And the wickedness of the wicked is on him, when God judges him
wicked as his works are; so is the righteousness of a man upon him,
or imputed unto him, when God judgeth of his righteousness as it is.
Wherefore, if faith, absolutely considered, be imputed unto us as it
contains in itself, or as it is accompanied with, works of
obedience; then it is imputed unto us, either for a perfect
righteousness, which it is not, or for an imperfect righteousness,
which it is; or the imputation of it is the accounting of that to be
a perfect righteousness which is but imperfect. But none of these
can be affirmed:--
     [1.] It is not imputed unto us for a perfect righteousness, the
righteousness required by the law; for so it is not.
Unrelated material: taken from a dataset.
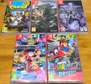 Confezione da 5 videogiochi per Nintendo Switch. - Crash Bandicoot N. Sane Trilogy - Monster Hunter Rise - Saints Row IV: Re-Elected - Mario Kart 8 Deluxe - Super Mario Odyssey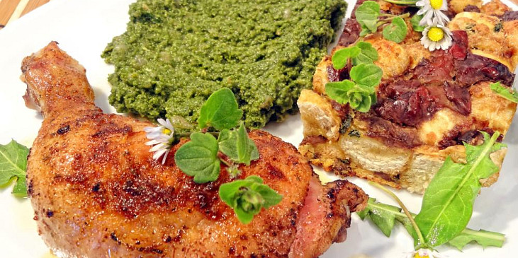 kuře, olej, paprika sušená sladká, máslo, játra kuřecí, máslo, veka, vejce, mléko, petrželka, fialky, listy sedmikrásek, květ muškátový, cibule, vejce, máslo, kopřivy, listy pampelišek, česnek, strouhanka, sůl, pepř mletý, máslo

Episcopius
confesses in his disputation, dispute.45, sect.7,8, that the
righteousness which is imputed unto us must be "absolutissima et
perfectissima,"-- "most absolute and most perfect." And thence he
thus defines the imputation of righteousness unto us,--namely, that
it is, "gratiosa divinae mentis aestimatio, qua credentem in Filium
suum, eo loco reputat ac si perfecte justus esset, ac legi et
voluntati ejus per omnia semper paruisset". And no man will pretend
that faith is such a most absolute and most perfect righteousness,
as that by it the righteousness of the law should be fulfilled in
us, as it is by that righteousness which is imputed unto us.
     [2.] It is not imputed unto us for what it is,--an imperfect
righteousness; for, First, This would be of no advantage unto us;
for we cannot be justified before God by an imperfect righteousness,
as is evident in the prayer of the psalmist, Ps.143:2, "Enter not
into judgment with thy servant, for in thy sight no man living" (no
servant of thine who has the most perfect or highest measure of
imperfect righteousness) "shall be justified." Secondly, The
imputation of any thing unto us that was ours antecedently unto that
imputation, for what it is, and no more, is contrary unto the
imputation described by the apostle; as has been proved.
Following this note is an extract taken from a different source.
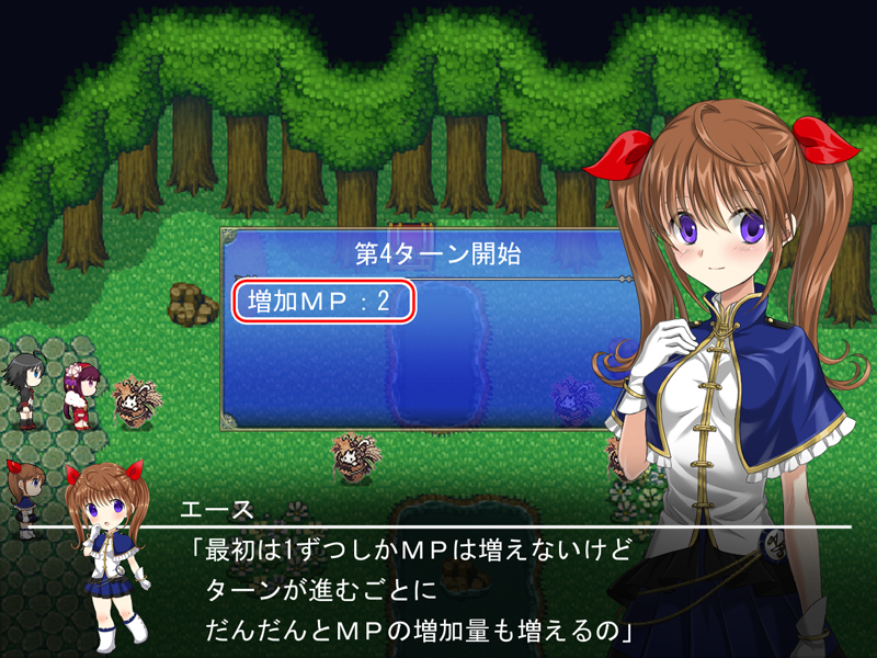 大きくわけて上の4つとなります。 ![]() 毎ターン、MPが入ります。 バトル序盤では少量のMPしか手に入りませんが だんだんと手に入る量が増えていきます。 つまり序盤は消費MPの少ないもので凌ぎつつ、 だんだんと強い仲間や大技が使えるということです。 |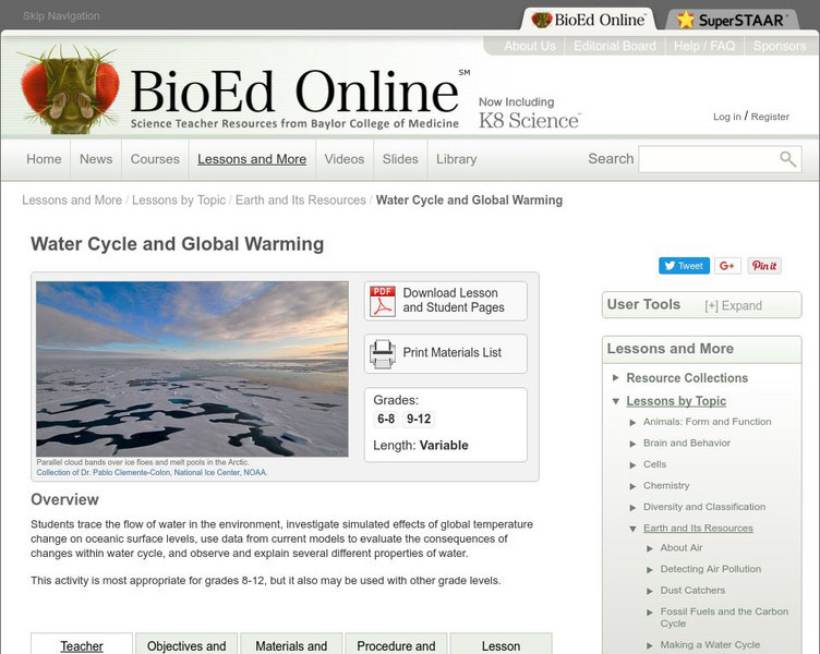 In this lesson plan, students will trace the flow of water in the environment, investigate simulated effects of global temperature change on oceanic levels, evaluate changes within the water cycle, and explain several different...

     [3.] This imputation pleaded for cannot be a judging of that to be
a perfect righteousness which is imperfect; for the judgment of God
is according to truth. But without judging it to be such, it cannot
be accepted as such. To accept of any thing, but only for what we
judge it to be, is to be deceived.
     Lastly, If faith, as a work, be imputed unto us, then it must be
as a work wrought in faith; for no other work is accepted with God.
Then must that faith also wherein it is wrought be imputed unto us;
for that also is faith and a good work. That, therefore, must have
another faith from whence it must proceed; and so "in infinitum."
     Many other things there are in the ensuing explication of the
justification of Abraham, the nature of his faith and his
righteousness before God, with the application of them unto all that
do believe, which may be justly pleaded unto the same purpose with
those passages of the context which we have insisted on; but if
every testimony should be pleaded which the Holy Ghost has given
unto this truth, there would be no end of writing. One thing more I
shall observe, and put an end unto our discourse on this chapter.
     Rom.4:6-8. The apostle pursues his argument to prove the freedom
of our justification by faith, without respect unto works, through
the imputation of righteousness, in the instance of pardon of sin,
which essentially belongs thereunto. And this he does by the
testimony of the psalmist, who places the blessedness of a man in
the remission of sins. His design is not thereby to declare the full
nature of justification, which he had done before, but only to prove
the freedom of it from any respect unto works in the instance of
that essential part of it. "Even as David also describeth the
blessedness of the man unto whom God imputeth righteousness without
works," (which was the only thing he designed to prove by this
testimony), "saying, Blessed are they whose iniquities are
forgiven." He describes their blessedness by it;--not that their
whole blessedness does consist therein, but this concurs unto it,
wherein no respect can possibly be had unto any works whatever. And
he may justly from hence describe the blessedness of a man, in that
the imputation of righteousness and the non-imputation of sin (both
which the apostle mentions distinctly), wherein his whole
blessedness as unto justification does consist, are inseparable. And
because remission of sin is the first part of justification, and the
principal part of it, and has the imputation of righteousness always
accompanying it, the blessedness of a man may be well described
thereby; yea, whereas all spiritual blessings go together in Christ,
Eph.1:3, a man's blessedness may be described by any of them. But
yet the imputation of righteousness and the remission of sin are not
the same, no more than righteousness imputed and sin remitted are
the same. Nor does the apostle propose them as the same, but
mentions them distinctly, both being equally necessary unto our
complete justification, as has been proved.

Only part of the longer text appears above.